WHAT YOU HAVE TO DO: Output the listing exactly, without its pictures.

-*-

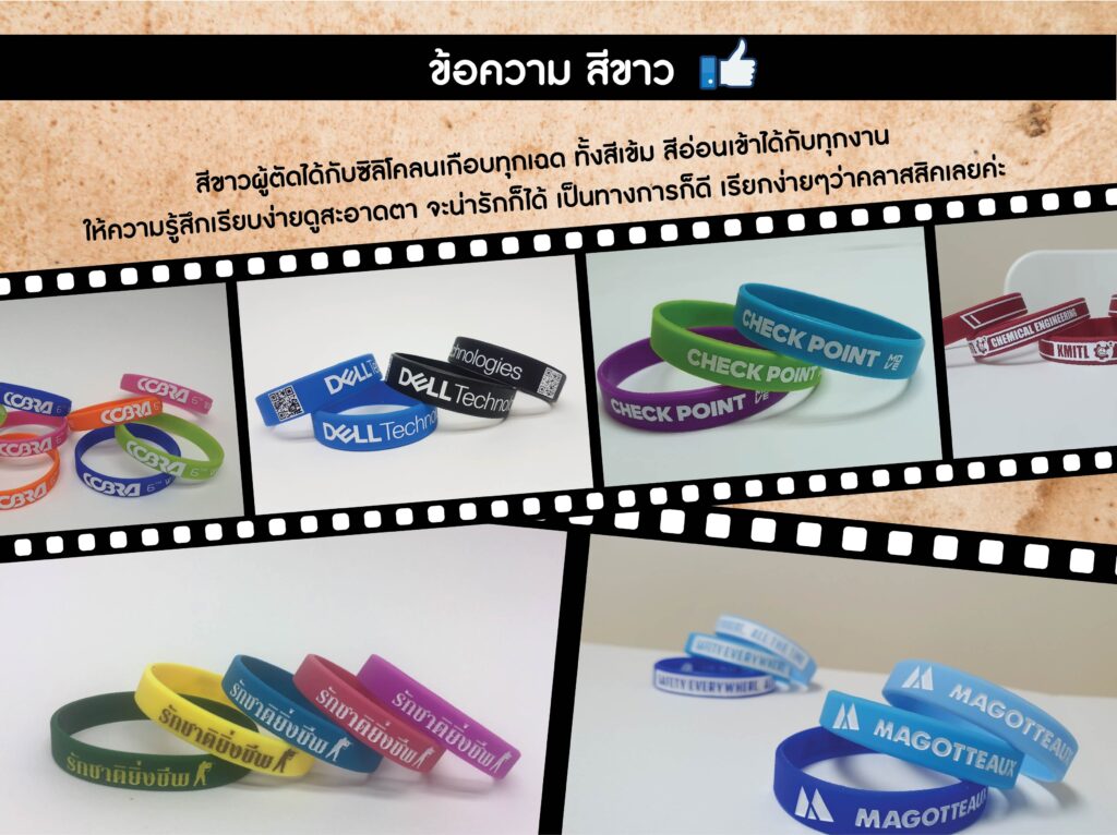 และนี้ก็เป็นตัวอย่างเล็กๆน้อยๆในการออกแบบริสแบนด์ให้สวยว้าวนะคะ นอกเหนือจากเรื่องสีแล้ว เรายังสามารถออกแบบการจัดวาง หรือดีไซน์ฟ้อนตัวหนังสือ และใส่โลโก้ รูปตัวการ์ตูนต่างๆ ได้อีกด้วย และก็ไม่ต้องเป็นห่วงเรื่องการใช้โปรแกรมในการออกแบบนะคะ ทางร้านเรามีทีมกราฟฟิคผู้เชียวชาญในการใช้โปรแกรมเพื่อดีไซน์โดยเฉพาะ ค่อยปรับดีไซน์ และดราฟโลโก้ให้แบบไม่คิดค่าใช้จ่ายเพิ่มเติมอีกด้วย คุณลูกค้าสามารถพูดคุยกับฝ่ายขาย ที่จะคอยประสานงานให้คำแนะนำและคำปรึกษาตลอดจนกระทั้งจบงานเลยค่ะ ใจดีขนาดนี้ อย่าลืมเข้ามาติดต่อสั่งทำหรือสอบถามข้อมูลเพิ่มเติมได้ตลอดเลยนะคะ ลิ้งเฟสบุ๊ค
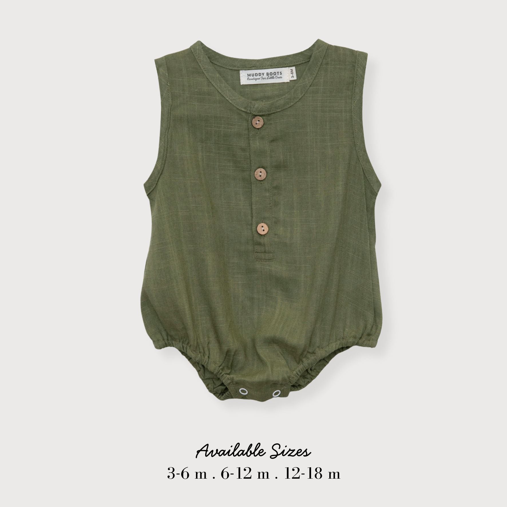 Cotton-Linen Button Romper – Olive
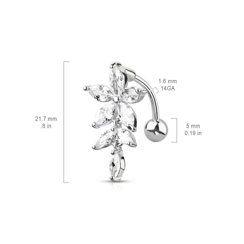 Obrácený piercing do pupíku s kytičkami, čiré zirkony
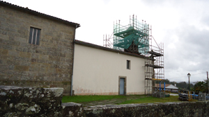 Intervención: recuperación de la estructura de madera que sujeta el techo del atrio, que estaba muy deformada, lo que provocaba que el agua de la lluvia entrase por la cumbrera e iba pudriendo poco a poco la estructura. También se limpió la cubierta de la capilla, que tenía muchas tejas rotas.
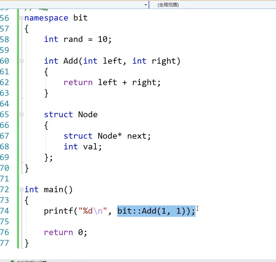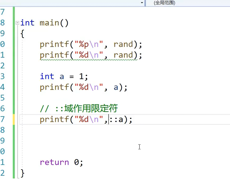 我就想访问全局a咋访问。域作用限定符左边什么不写默认全局域
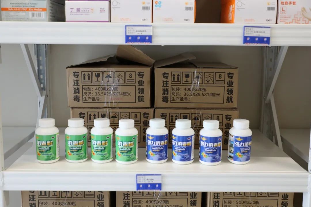 学校通过自行采购、教育部门配发、爱心企业捐助等,现已基本确保各类防疫物资阶段性使用需求。学校现设有防疫物资专用库房,储备了大量防疫配套物资,其中消毒液、消毒粉预计可使用3个月以上,各类规格消毒酒精可使用46天以上;同时配备有测温枪、护目镜、防护衣、乳胶手套、雾化式空气喷雾剂等配套防疫物资。为做好餐饮服务,学校还储备了一批一次性打包盒,方便师生打包外带。
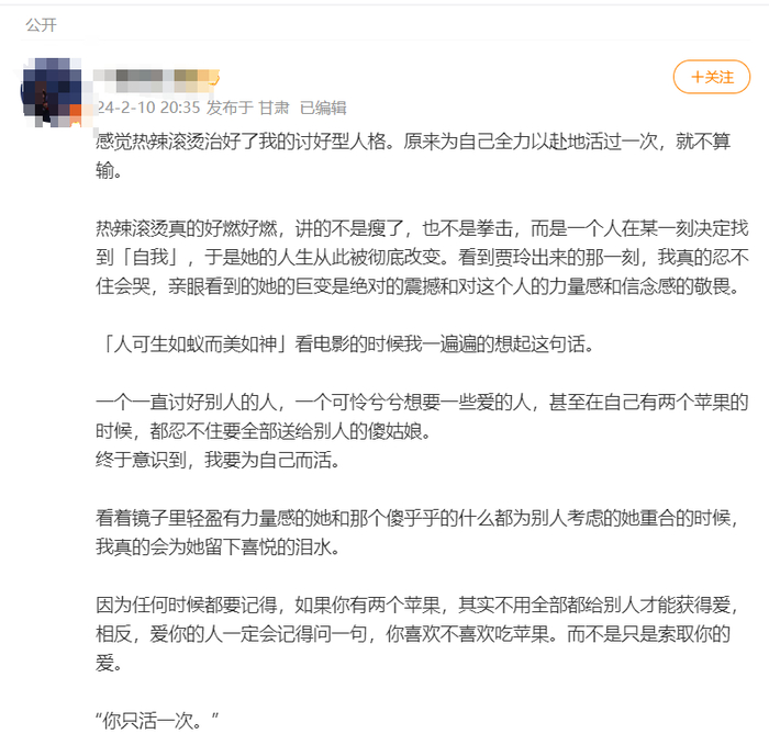 在微博上,有一篇热度很高的微博写道:原来为自己全力以赴地活过一次,就不算输。
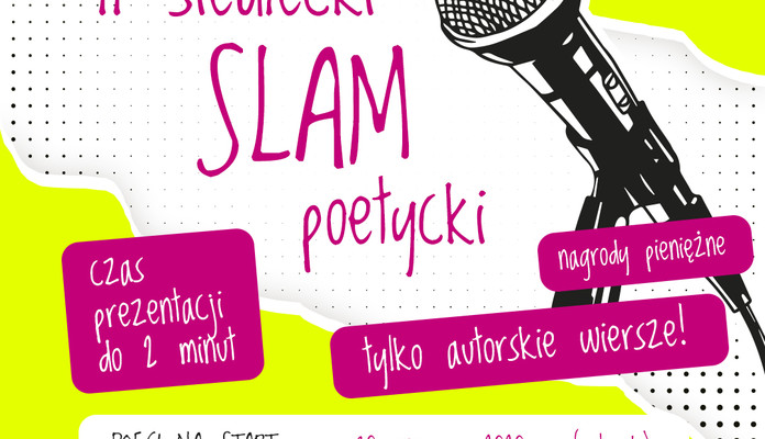 Miejski Ośrodek Kultury w Siedlcach i Siedlecka Grupa Literacka „Witraż” MOK pragną poinformować, że „II Siedlecki Slam Poetycki – on line” nie został rozstrzygnięty. Organizatorzy postanowili – wzorem roku ubiegłego – zaprosić poetki i poetów do udziału w „Slamie” na żywo – na Skwer przy Fontannie, ul. Pułaskiego 6.
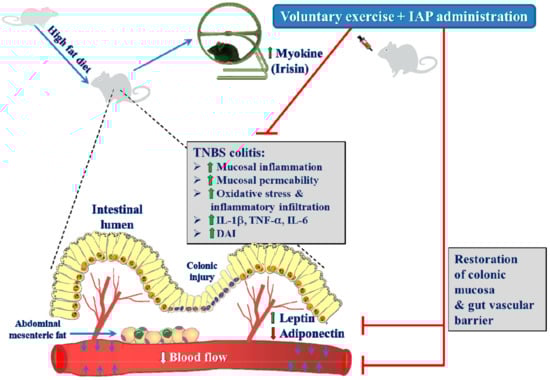 The summary scheme of the beneficial effect exhibited by the combination of IAP treatment with moderate physical activity in the mechanism of the healing of experimental colitis in mice fed HFD. The mucosal damage and an impairment in the colonic microcirculation and downregulation of antioxidative biomarkers induced by TNBS accompanied by mucosal inflammation and oxidative stress are restored by the combination of IAP and voluntary exercise due to better restoration of colonic mucosa and an improvement of gut vascular barrier caused by antioxidative myokines and adipokines.
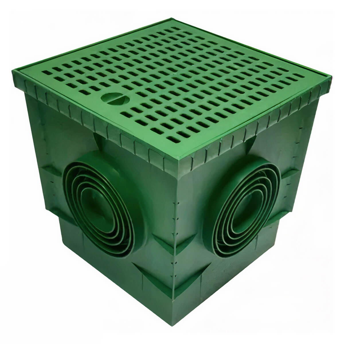 Camin pluvial cu grilă Stamplast TOP 400x400x400 mm din polipropilenă verde 0111745 - Este utilizat pentru a fi instalat sub țevile de coborâre pentru a colecta și devia apa de ploaie de la fundația clădirii. Acesta poate fi utilizat pentru colectarea punctuală a apelor pluviale în diferite zone cu trafic pietonal sau în zona în care circulă sau parchează mașini.
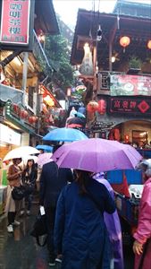 九份老街を散策 投稿日時 : 2015/12/16 学校サイト管理者 台北市内で天心をいただいたあと、ジブリ作品のモデルになったと言われている九份に参りました。残念ながら雨が降りだしましたが、昔の日本を感じさせる建物が非常に幻想的です。
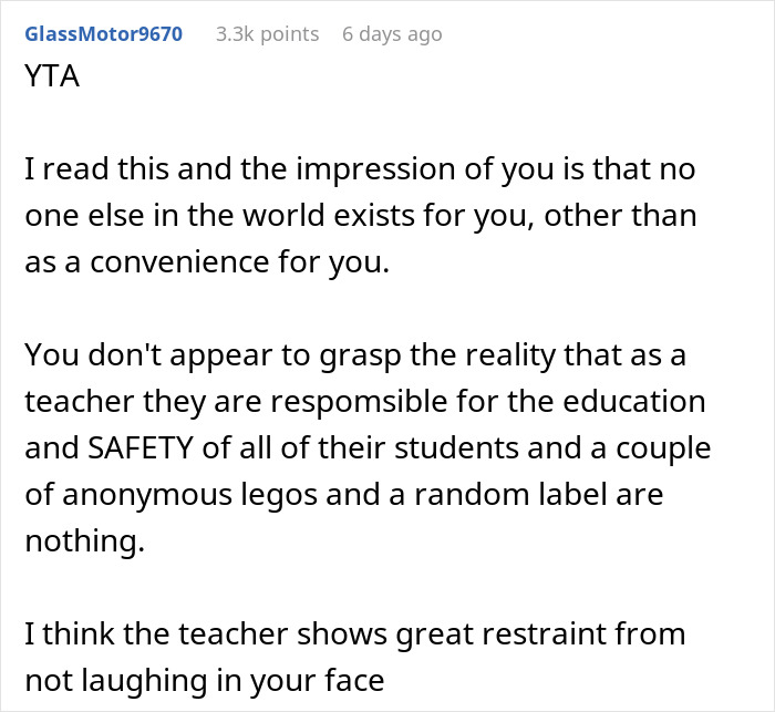 The mom ended up having to forbid any toy-taking after two particular things went missing: a LEGO creation set and a sticker. Both times, the mom claims that the teacher was rude after being asked to go look for them.
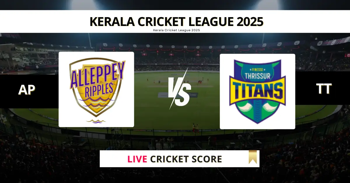AP vs TT Live Score: Follow the real-time updates and ball-by-ball coverage of The Match 3 in the Kerala Cricket League 2025. The match is being played at Greenfield International Stadium on August 22, 2025 2:30 PM IST.
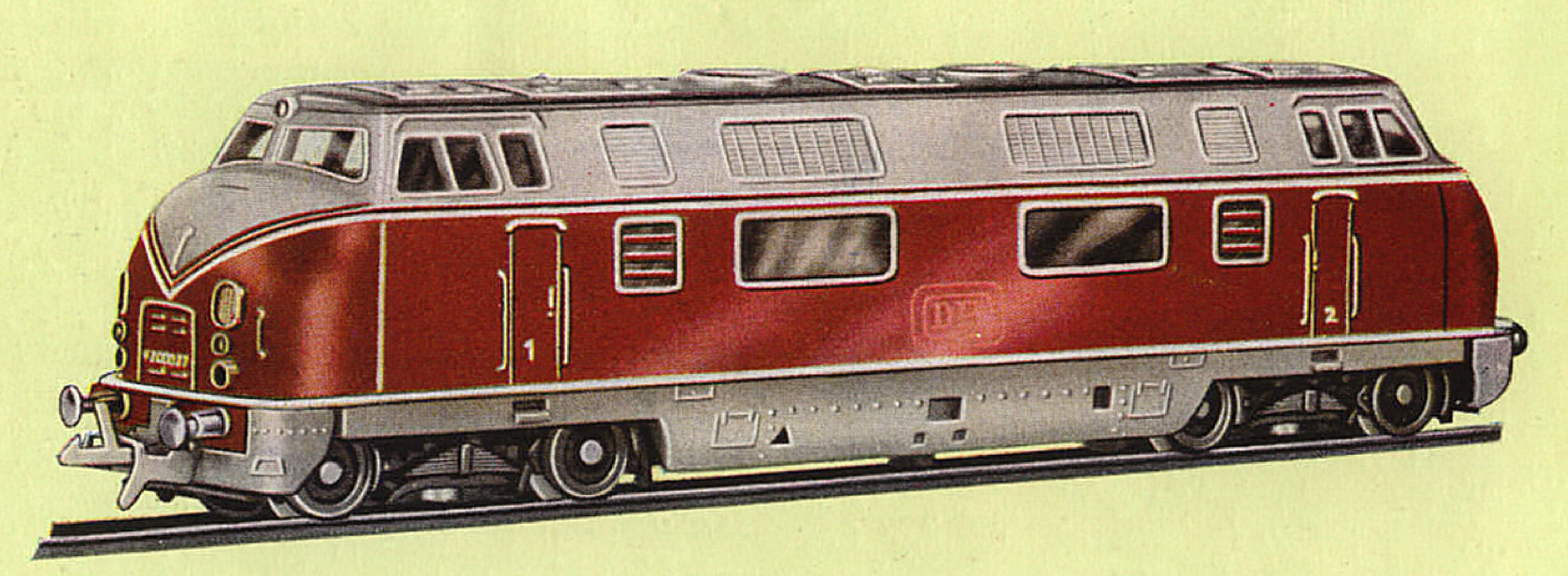 | dieselová lokomotiva červená-světle šedá s tmavě šedým rámem |
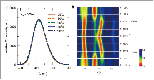 ▲ 그림 1. 형광체의 온도에 따른 발광 및 구조 변화 특성
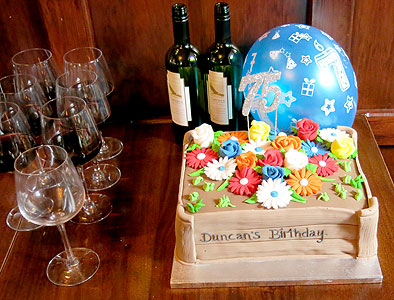Duncan with Galaxy pals Dave 'Hermione' Hawkins, Ian 'Wombat' Damon and Mich. (Right) The birthday cake illustrates how the flowerbed will look after Duncan's used the watering can and a few seeds. (Photos: Chris Payne) More photos on the Pirate Radio hall of Fame |
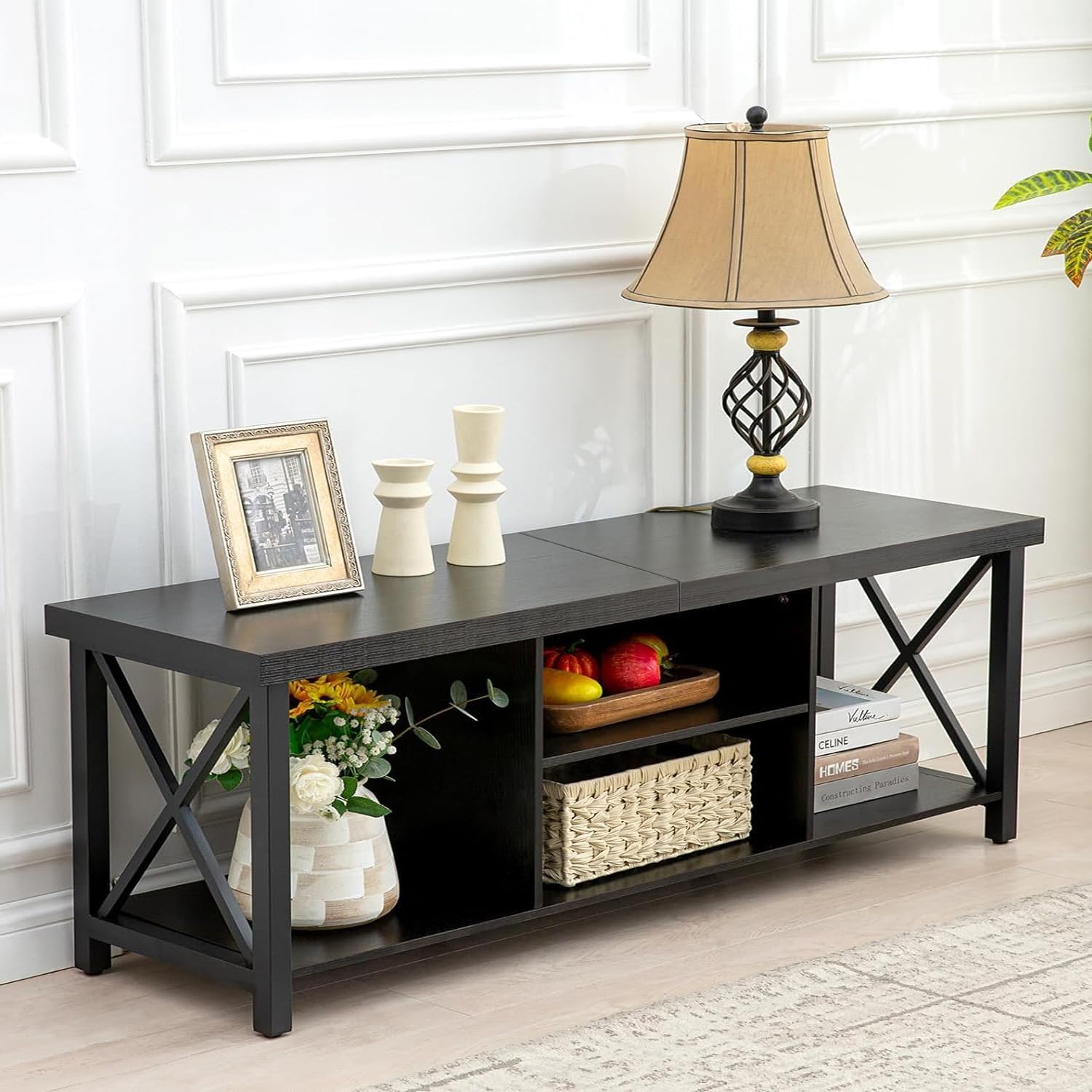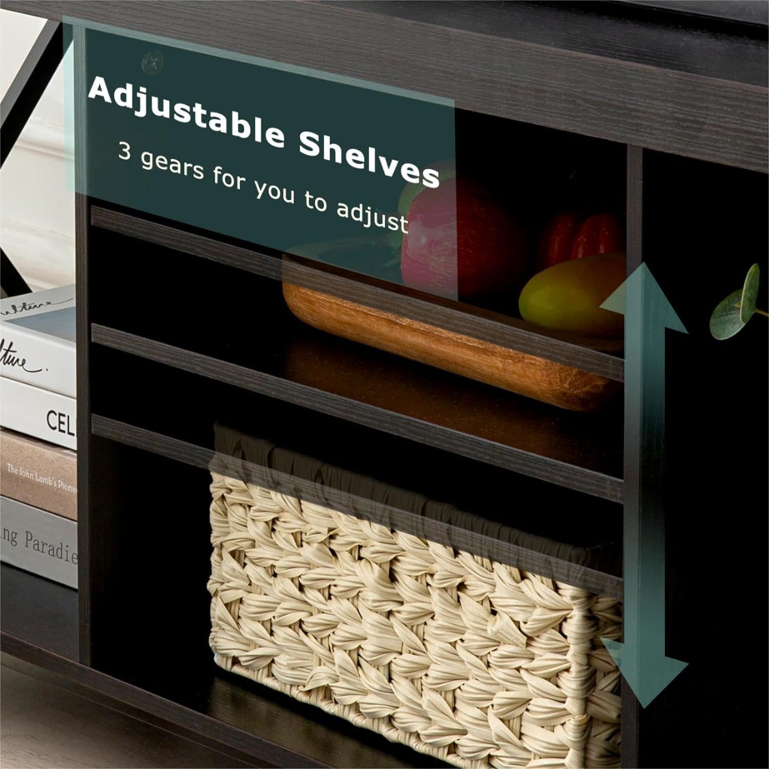 - 【STURDY TV STAND CONSOLE】– X-shaped reinforced frame and thickened TV cabinet panels provide better weight-bearing capacity and unparalleled visual impact. The TV stand top can hold up to 300 lbs. The Metal is covered by corrosion resistant paint to prevent rust, and to prolong the service life.

-*-

ANSWER TO THIS PROBLEM:
 และนี้ก็เป็นตัวอย่างเล็กๆน้อยๆในการออกแบบริสแบนด์ให้สวยว้าวนะคะ นอกเหนือจากเรื่องสีแล้ว เรายังสามารถออกแบบการจัดวาง หรือดีไซน์ฟ้อนตัวหนังสือ และใส่โลโก้ รูปตัวการ์ตูนต่างๆ ได้อีกด้วย และก็ไม่ต้องเป็นห่วงเรื่องการใช้โปรแกรมในการออกแบบนะคะ ทางร้านเรามีทีมกราฟฟิคผู้เชียวชาญในการใช้โปรแกรมเพื่อดีไซน์โดยเฉพาะ ค่อยปรับดีไซน์ และดราฟโลโก้ให้แบบไม่คิดค่าใช้จ่ายเพิ่มเติมอีกด้วย คุณลูกค้าสามารถพูดคุยกับฝ่ายขาย ที่จะคอยประสานงานให้คำแนะนำและคำปรึกษาตลอดจนกระทั้งจบงานเลยค่ะ ใจดีขนาดนี้ อย่าลืมเข้ามาติดต่อสั่งทำหรือสอบถามข้อมูลเพิ่มเติมได้ตลอดเลยนะคะ ลิ้งเฟสบุ๊ค
 Cotton-Linen Button Romper – Olive
 Obrácený piercing do pupíku s kytičkami, čiré zirkony
 Intervención: recuperación de la estructura de madera que sujeta el techo del atrio, que estaba muy deformada, lo que provocaba que el agua de la lluvia entrase por la cumbrera e iba pudriendo poco a poco la estructura. También se limpió la cubierta de la capilla, que tenía muchas tejas rotas.
 我就想访问全局a咋访问。域作用限定符左边什么不写默认全局域
 学校通过自行采购、教育部门配发、爱心企业捐助等,现已基本确保各类防疫物资阶段性使用需求。学校现设有防疫物资专用库房,储备了大量防疫配套物资,其中消毒液、消毒粉预计可使用3个月以上,各类规格消毒酒精可使用46天以上;同时配备有测温枪、护目镜、防护衣、乳胶手套、雾化式空气喷雾剂等配套防疫物资。为做好餐饮服务,学校还储备了一批一次性打包盒,方便师生打包外带。
 在微博上,有一篇热度很高的微博写道:原来为自己全力以赴地活过一次,就不算输。
 Miejski Ośrodek Kultury w Siedlcach i Siedlecka Grupa Literacka „Witraż” MOK pragną poinformować, że „II Siedlecki Slam Poetycki – on line” nie został rozstrzygnięty. Organizatorzy postanowili – wzorem roku ubiegłego – zaprosić poetki i poetów do udziału w „Slamie” na żywo – na Skwer przy Fontannie, ul. Pułaskiego 6.
 The summary scheme of the beneficial effect exhibited by the combination of IAP treatment with moderate physical activity in the mechanism of the healing of experimental colitis in mice fed HFD. The mucosal damage and an impairment in the colonic microcirculation and downregulation of antioxidative biomarkers induced by TNBS accompanied by mucosal inflammation and oxidative stress are restored by the combination of IAP and voluntary exercise due to better restoration of colonic mucosa and an improvement of gut vascular barrier caused by antioxidative myokines and adipokines.
 Camin pluvial cu grilă Stamplast TOP 400x400x400 mm din polipropilenă verde 0111745 - Este utilizat pentru a fi instalat sub țevile de coborâre pentru a colecta și devia apa de ploaie de la fundația clădirii. Acesta poate fi utilizat pentru colectarea punctuală a apelor pluviale în diferite zone cu trafic pietonal sau în zona în care circulă sau parchează mașini.
 九份老街を散策 投稿日時 : 2015/12/16 学校サイト管理者 台北市内で天心をいただいたあと、ジブリ作品のモデルになったと言われている九份に参りました。残念ながら雨が降りだしましたが、昔の日本を感じさせる建物が非常に幻想的です。
 The mom ended up having to forbid any toy-taking after two particular things went missing: a LEGO creation set and a sticker. Both times, the mom claims that the teacher was rude after being asked to go look for them.
AP vs TT Live Score: Follow the real-time updates and ball-by-ball coverage of The Match 3 in the Kerala Cricket League 2025. The match is being played at Greenfield International Stadium on August 22, 2025 2:30 PM IST.
 | dieselová lokomotiva červená-světle šedá s tmavě šedým rámem |
 ▲ 그림 1. 형광체의 온도에 따른 발광 및 구조 변화 특성
Duncan with Galaxy pals Dave 'Hermione' Hawkins, Ian 'Wombat' Damon and Mich. (Right) The birthday cake illustrates how the flowerbed will look after Duncan's used the watering can and a few seeds. (Photos: Chris Payne) More photos on the Pirate Radio hall of Fame |
 - 【STURDY TV STAND CONSOLE】– X-shaped reinforced frame and thickened TV cabinet panels provide better weight-bearing capacity and unparalleled visual impact. The TV stand top can hold up to 300 lbs. The Metal is covered by corrosion resistant paint to prevent rust, and to prolong the service life.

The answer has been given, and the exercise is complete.